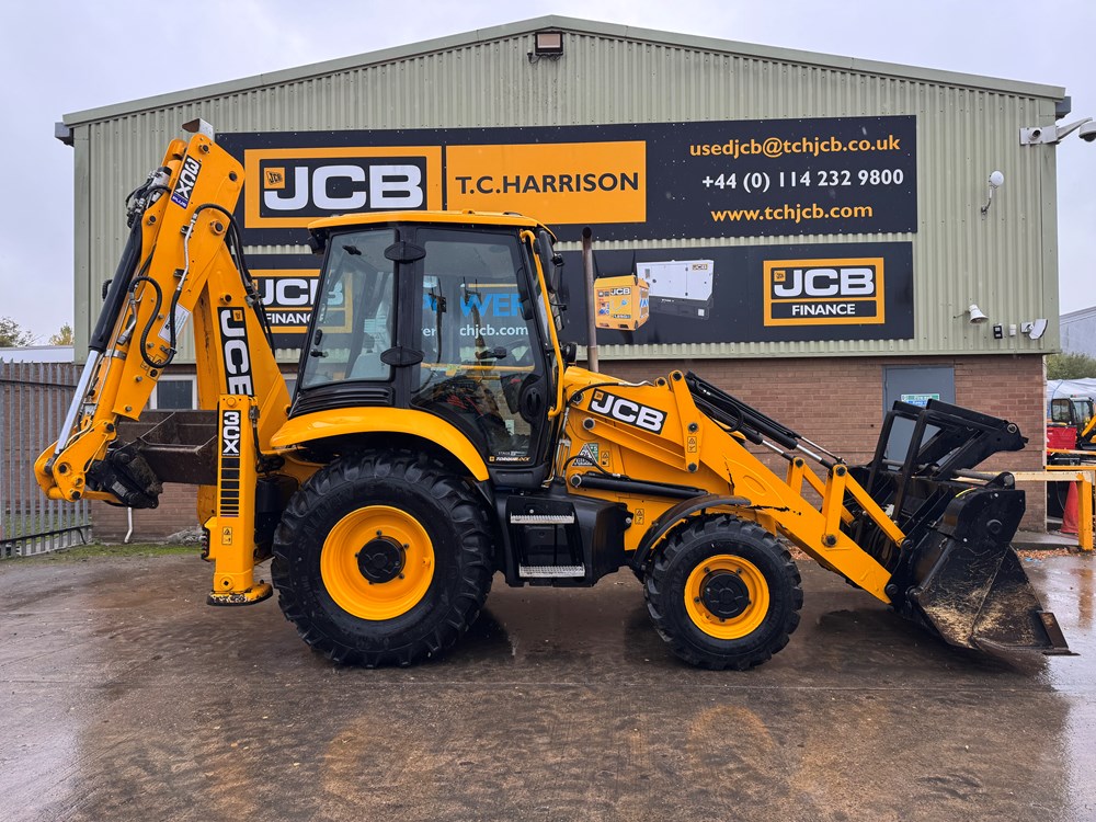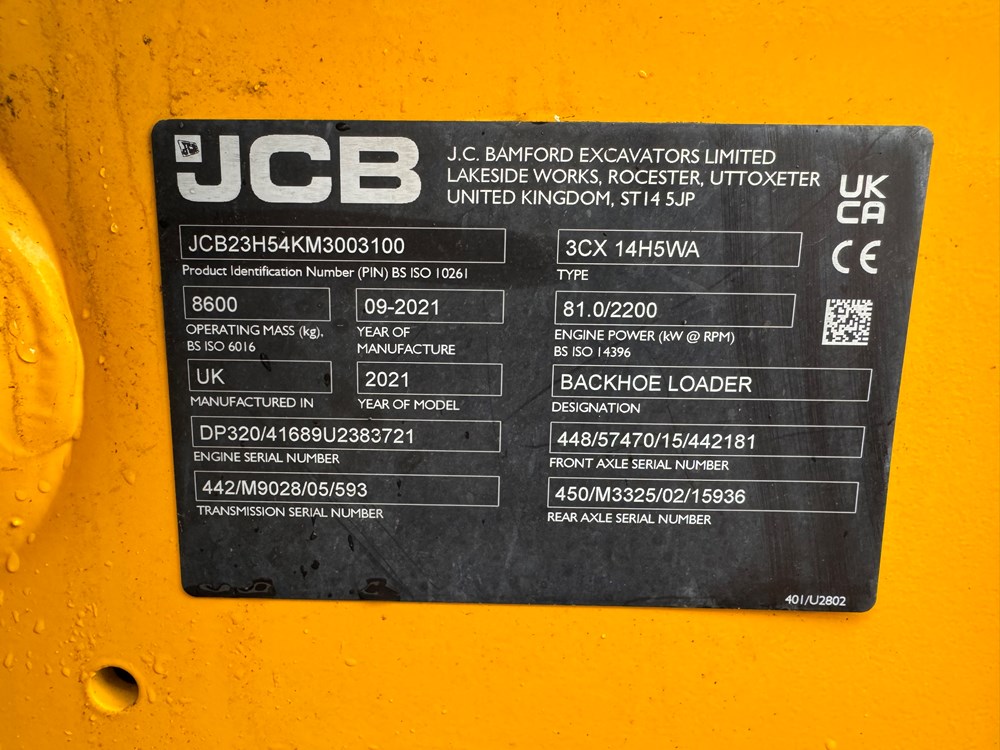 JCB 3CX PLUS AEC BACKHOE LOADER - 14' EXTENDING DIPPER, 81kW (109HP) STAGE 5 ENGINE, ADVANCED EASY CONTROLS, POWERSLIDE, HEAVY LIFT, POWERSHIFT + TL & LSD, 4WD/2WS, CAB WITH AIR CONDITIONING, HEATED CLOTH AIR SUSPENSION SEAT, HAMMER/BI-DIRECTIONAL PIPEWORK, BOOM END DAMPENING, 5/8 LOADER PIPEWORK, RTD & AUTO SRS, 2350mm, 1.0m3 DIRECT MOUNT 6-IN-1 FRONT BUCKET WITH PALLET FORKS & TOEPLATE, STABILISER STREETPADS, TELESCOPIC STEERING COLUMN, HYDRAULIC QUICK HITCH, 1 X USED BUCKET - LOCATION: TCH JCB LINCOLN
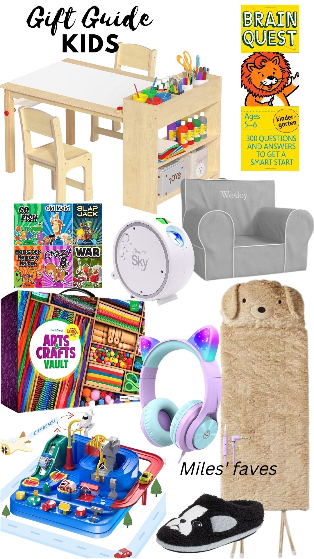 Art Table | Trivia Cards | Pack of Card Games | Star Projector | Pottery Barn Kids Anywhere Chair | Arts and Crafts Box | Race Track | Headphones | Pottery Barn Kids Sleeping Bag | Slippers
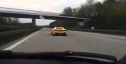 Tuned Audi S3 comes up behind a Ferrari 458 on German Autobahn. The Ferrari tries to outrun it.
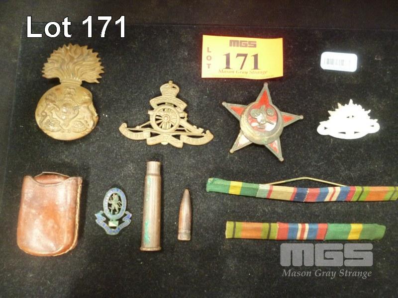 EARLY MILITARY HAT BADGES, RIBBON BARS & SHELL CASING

→ THE PROBLEM
Print all the lines above again exactly, without any pictures.

→ TASK OUTPUT
 JCB 3CX PLUS AEC BACKHOE LOADER - 14' EXTENDING DIPPER, 81kW (109HP) STAGE 5 ENGINE, ADVANCED EASY CONTROLS, POWERSLIDE, HEAVY LIFT, POWERSHIFT + TL & LSD, 4WD/2WS, CAB WITH AIR CONDITIONING, HEATED CLOTH AIR SUSPENSION SEAT, HAMMER/BI-DIRECTIONAL PIPEWORK, BOOM END DAMPENING, 5/8 LOADER PIPEWORK, RTD & AUTO SRS, 2350mm, 1.0m3 DIRECT MOUNT 6-IN-1 FRONT BUCKET WITH PALLET FORKS & TOEPLATE, STABILISER STREETPADS, TELESCOPIC STEERING COLUMN, HYDRAULIC QUICK HITCH, 1 X USED BUCKET - LOCATION: TCH JCB LINCOLN
 Art Table | Trivia Cards | Pack of Card Games | Star Projector | Pottery Barn Kids Anywhere Chair | Arts and Crafts Box | Race Track | Headphones | Pottery Barn Kids Sleeping Bag | Slippers
 Tuned Audi S3 comes up behind a Ferrari 458 on German Autobahn. The Ferrari tries to outrun it.
 EARLY MILITARY HAT BADGES, RIBBON BARS & SHELL CASING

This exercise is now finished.